Top of Task data

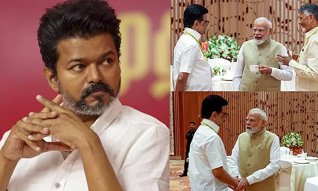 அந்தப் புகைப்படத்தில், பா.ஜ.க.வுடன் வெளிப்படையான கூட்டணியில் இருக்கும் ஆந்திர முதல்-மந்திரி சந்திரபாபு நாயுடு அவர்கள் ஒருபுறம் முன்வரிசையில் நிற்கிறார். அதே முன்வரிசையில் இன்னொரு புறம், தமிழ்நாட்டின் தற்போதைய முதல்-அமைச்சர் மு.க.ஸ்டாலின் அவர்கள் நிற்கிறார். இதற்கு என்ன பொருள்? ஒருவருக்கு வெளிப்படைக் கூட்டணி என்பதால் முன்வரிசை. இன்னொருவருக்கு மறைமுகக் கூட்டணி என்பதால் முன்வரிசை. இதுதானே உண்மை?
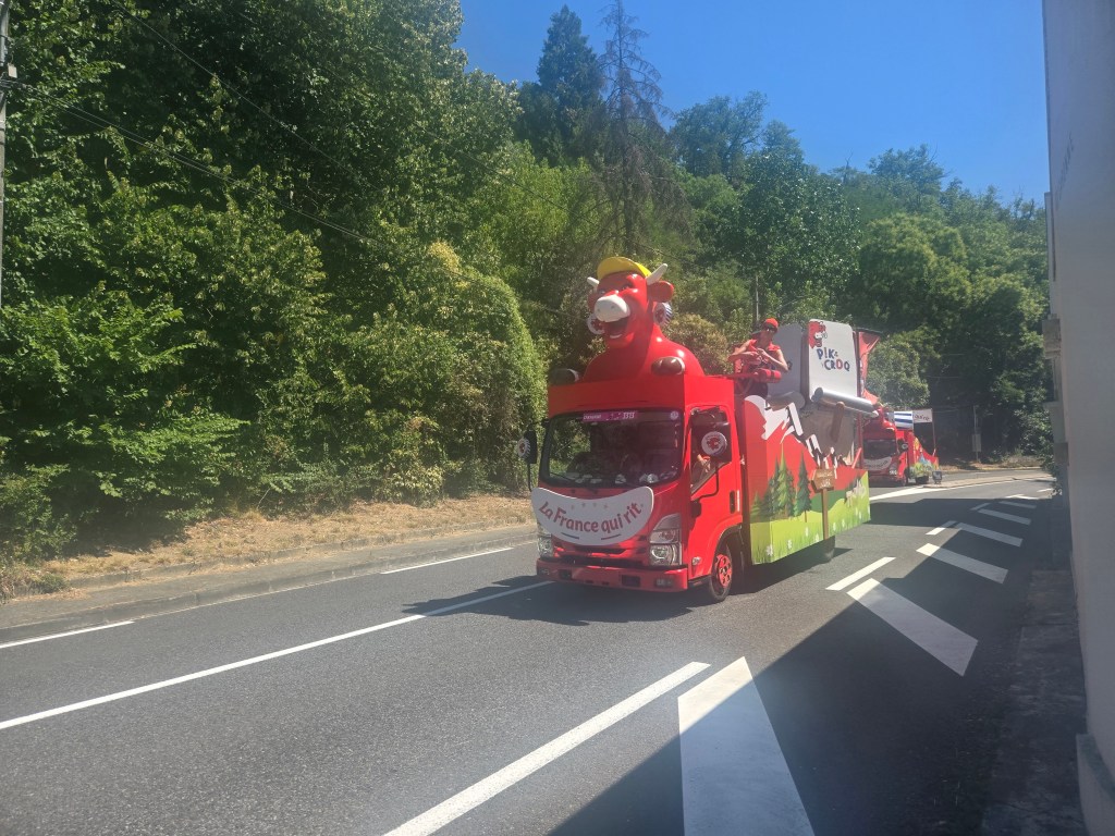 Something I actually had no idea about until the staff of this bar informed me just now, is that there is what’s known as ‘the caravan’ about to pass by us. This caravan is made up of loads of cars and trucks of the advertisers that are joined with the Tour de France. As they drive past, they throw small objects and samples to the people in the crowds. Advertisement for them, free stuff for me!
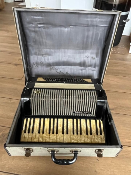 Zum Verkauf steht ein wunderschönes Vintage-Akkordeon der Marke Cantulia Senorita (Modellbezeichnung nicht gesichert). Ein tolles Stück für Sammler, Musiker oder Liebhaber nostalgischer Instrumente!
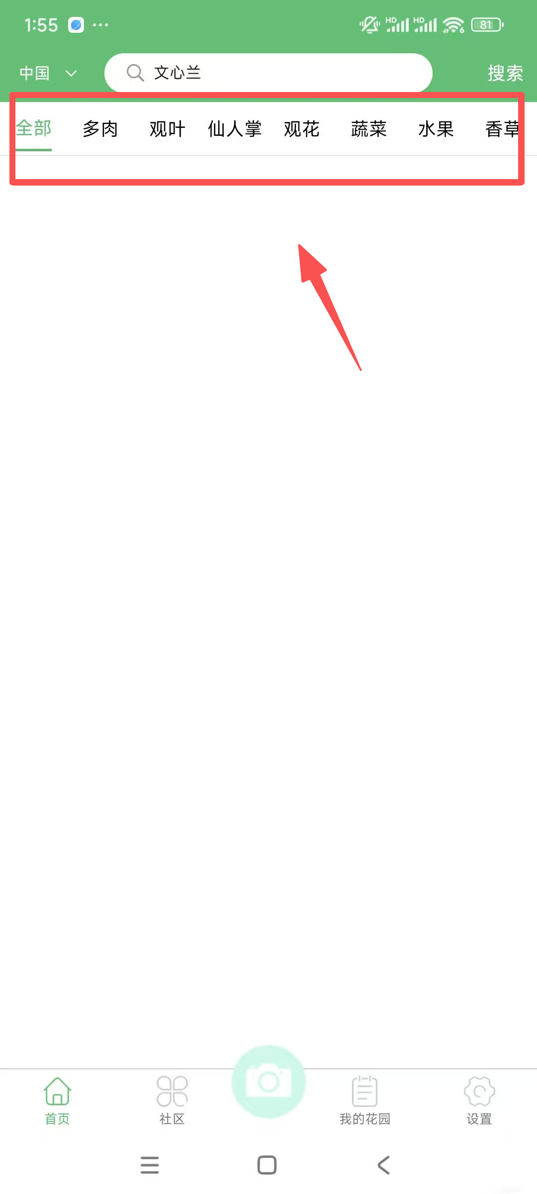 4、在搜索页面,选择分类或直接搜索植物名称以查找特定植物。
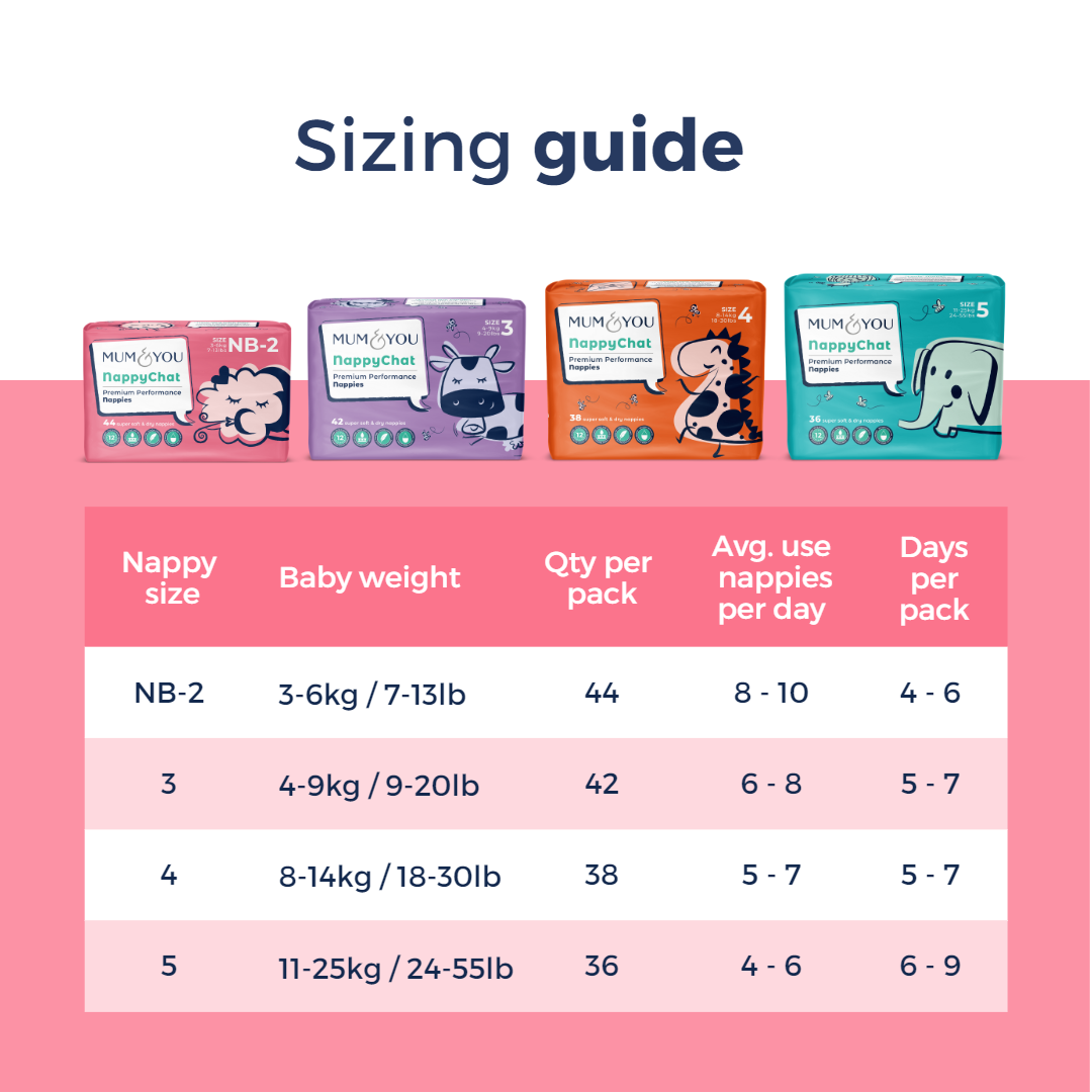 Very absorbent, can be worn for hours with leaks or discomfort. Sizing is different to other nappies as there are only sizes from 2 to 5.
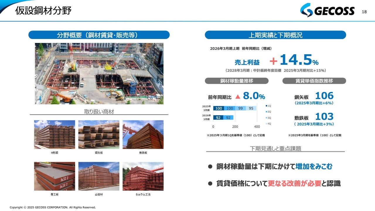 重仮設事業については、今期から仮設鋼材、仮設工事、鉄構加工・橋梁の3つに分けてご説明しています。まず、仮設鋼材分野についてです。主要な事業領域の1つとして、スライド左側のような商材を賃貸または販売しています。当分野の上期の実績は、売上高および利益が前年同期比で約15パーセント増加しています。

Bottom of Task data

▸ **Your goal**:
Reproduce every record verbatim, please. Omit the images.

▸ **Exercise output**:
 அந்தப் புகைப்படத்தில், பா.ஜ.க.வுடன் வெளிப்படையான கூட்டணியில் இருக்கும் ஆந்திர முதல்-மந்திரி சந்திரபாபு நாயுடு அவர்கள் ஒருபுறம் முன்வரிசையில் நிற்கிறார். அதே முன்வரிசையில் இன்னொரு புறம், தமிழ்நாட்டின் தற்போதைய முதல்-அமைச்சர் மு.க.ஸ்டாலின் அவர்கள் நிற்கிறார். இதற்கு என்ன பொருள்? ஒருவருக்கு வெளிப்படைக் கூட்டணி என்பதால் முன்வரிசை. இன்னொருவருக்கு மறைமுகக் கூட்டணி என்பதால் முன்வரிசை. இதுதானே உண்மை?
 Something I actually had no idea about until the staff of this bar informed me just now, is that there is what’s known as ‘the caravan’ about to pass by us. This caravan is made up of loads of cars and trucks of the advertisers that are joined with the Tour de France. As they drive past, they throw small objects and samples to the people in the crowds. Advertisement for them, free stuff for me!
 Zum Verkauf steht ein wunderschönes Vintage-Akkordeon der Marke Cantulia Senorita (Modellbezeichnung nicht gesichert). Ein tolles Stück für Sammler, Musiker oder Liebhaber nostalgischer Instrumente!
 4、在搜索页面,选择分类或直接搜索植物名称以查找特定植物。
 Very absorbent, can be worn for hours with leaks or discomfort. Sizing is different to other nappies as there are only sizes from 2 to 5.
 重仮設事業については、今期から仮設鋼材、仮設工事、鉄構加工・橋梁の3つに分けてご説明しています。まず、仮設鋼材分野についてです。主要な事業領域の1つとして、スライド左側のような商材を賃貸または販売しています。当分野の上期の実績は、売上高および利益が前年同期比で約15パーセント増加しています。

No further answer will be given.